TASK INPUTS ->
──────

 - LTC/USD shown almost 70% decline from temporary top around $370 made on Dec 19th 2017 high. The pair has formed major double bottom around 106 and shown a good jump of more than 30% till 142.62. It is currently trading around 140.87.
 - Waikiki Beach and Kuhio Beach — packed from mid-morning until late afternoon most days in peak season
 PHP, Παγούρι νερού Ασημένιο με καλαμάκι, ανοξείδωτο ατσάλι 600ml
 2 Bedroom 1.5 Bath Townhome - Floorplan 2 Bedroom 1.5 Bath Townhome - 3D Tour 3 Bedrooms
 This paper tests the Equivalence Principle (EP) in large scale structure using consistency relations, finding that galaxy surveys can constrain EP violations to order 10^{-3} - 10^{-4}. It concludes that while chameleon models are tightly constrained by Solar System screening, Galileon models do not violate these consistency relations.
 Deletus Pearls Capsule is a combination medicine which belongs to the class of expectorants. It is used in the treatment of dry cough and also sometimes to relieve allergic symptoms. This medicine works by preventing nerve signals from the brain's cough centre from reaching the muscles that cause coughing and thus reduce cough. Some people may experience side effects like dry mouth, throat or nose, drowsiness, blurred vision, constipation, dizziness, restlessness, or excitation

──────

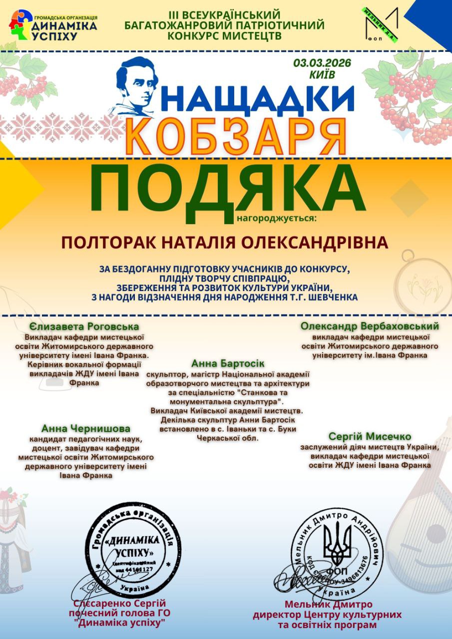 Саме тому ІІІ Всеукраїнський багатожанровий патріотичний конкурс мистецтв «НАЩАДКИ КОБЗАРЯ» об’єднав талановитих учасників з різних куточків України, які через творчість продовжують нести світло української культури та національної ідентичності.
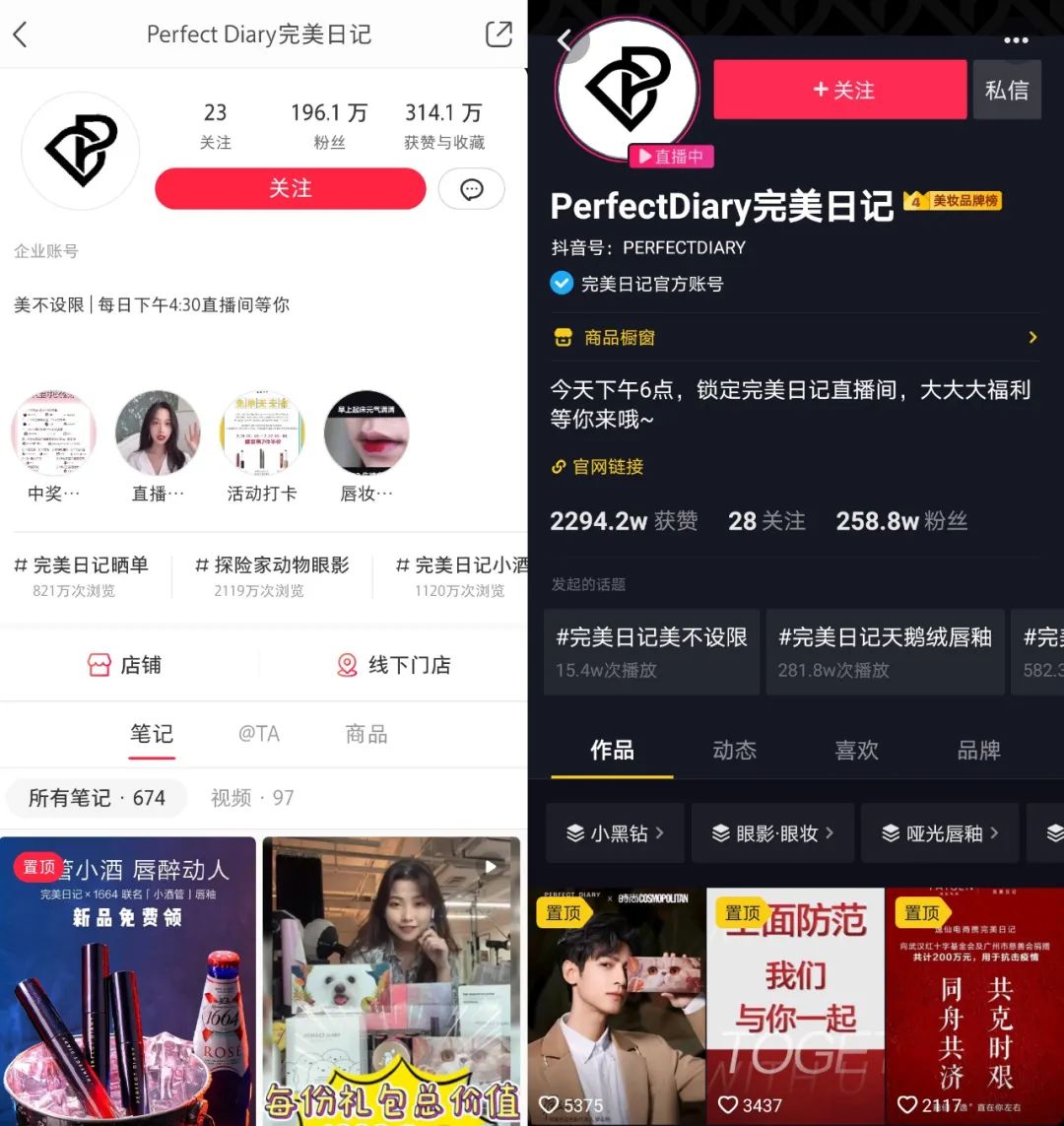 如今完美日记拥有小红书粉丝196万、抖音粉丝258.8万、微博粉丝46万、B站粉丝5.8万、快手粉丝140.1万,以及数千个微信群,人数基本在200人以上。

──────

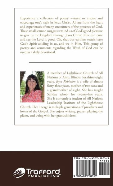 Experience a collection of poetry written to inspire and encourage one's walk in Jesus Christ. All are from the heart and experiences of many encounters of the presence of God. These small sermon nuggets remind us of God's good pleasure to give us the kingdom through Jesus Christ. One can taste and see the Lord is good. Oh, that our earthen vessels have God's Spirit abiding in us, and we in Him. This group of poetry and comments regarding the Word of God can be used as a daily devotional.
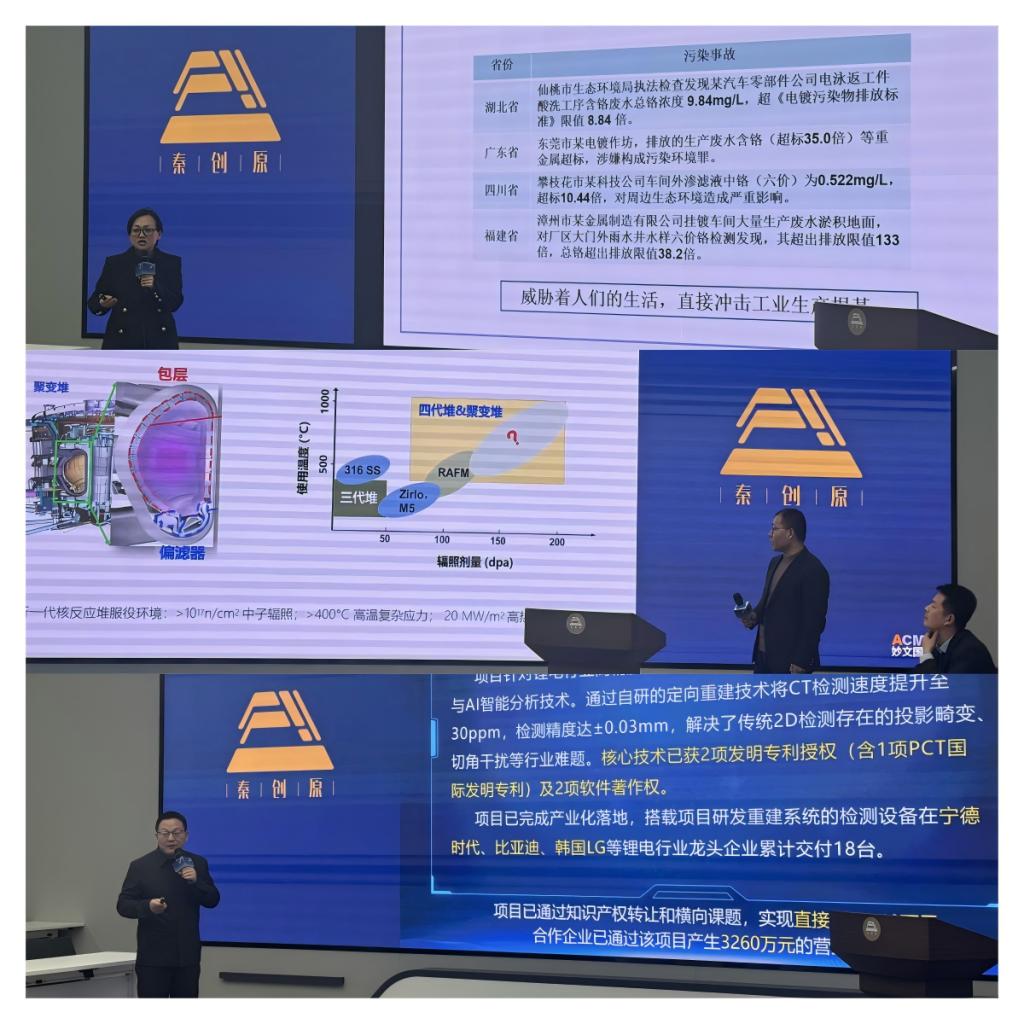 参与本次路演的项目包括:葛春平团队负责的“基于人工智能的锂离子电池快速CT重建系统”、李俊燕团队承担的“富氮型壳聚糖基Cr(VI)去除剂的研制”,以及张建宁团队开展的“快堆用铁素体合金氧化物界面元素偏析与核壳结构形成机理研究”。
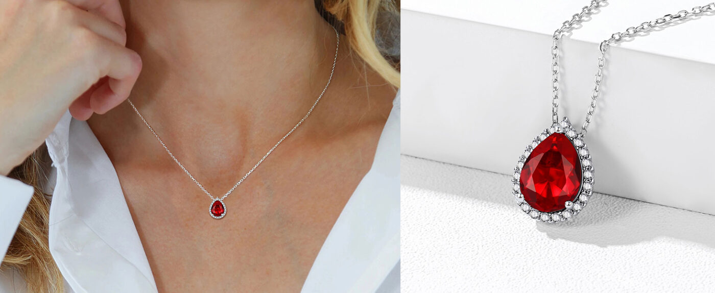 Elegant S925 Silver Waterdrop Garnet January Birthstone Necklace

──────

ACTIVITY ->
Look above for the line containing "- LTC/USD shown" and the line containing "Deletus Pearls Capsule". Transcribe both, with the lines between them, exactly.

RESPONSE AREA ->
 - LTC/USD shown almost 70% decline from temporary top around $370 made on Dec 19th 2017 high. The pair has formed major double bottom around 106 and shown a good jump of more than 30% till 142.62. It is currently trading around 140.87.
 - Waikiki Beach and Kuhio Beach — packed from mid-morning until late afternoon most days in peak season
 PHP, Παγούρι νερού Ασημένιο με καλαμάκι, ανοξείδωτο ατσάλι 600ml
 2 Bedroom 1.5 Bath Townhome - Floorplan 2 Bedroom 1.5 Bath Townhome - 3D Tour 3 Bedrooms
 This paper tests the Equivalence Principle (EP) in large scale structure using consistency relations, finding that galaxy surveys can constrain EP violations to order 10^{-3} - 10^{-4}. It concludes that while chameleon models are tightly constrained by Solar System screening, Galileon models do not violate these consistency relations.
 Deletus Pearls Capsule is a combination medicine which belongs to the class of expectorants. It is used in the treatment of dry cough and also sometimes to relieve allergic symptoms. This medicine works by preventing nerve signals from the brain's cough centre from reaching the muscles that cause coughing and thus reduce cough. Some people may experience side effects like dry mouth, throat or nose, drowsiness, blurred vision, constipation, dizziness, restlessness, or excitation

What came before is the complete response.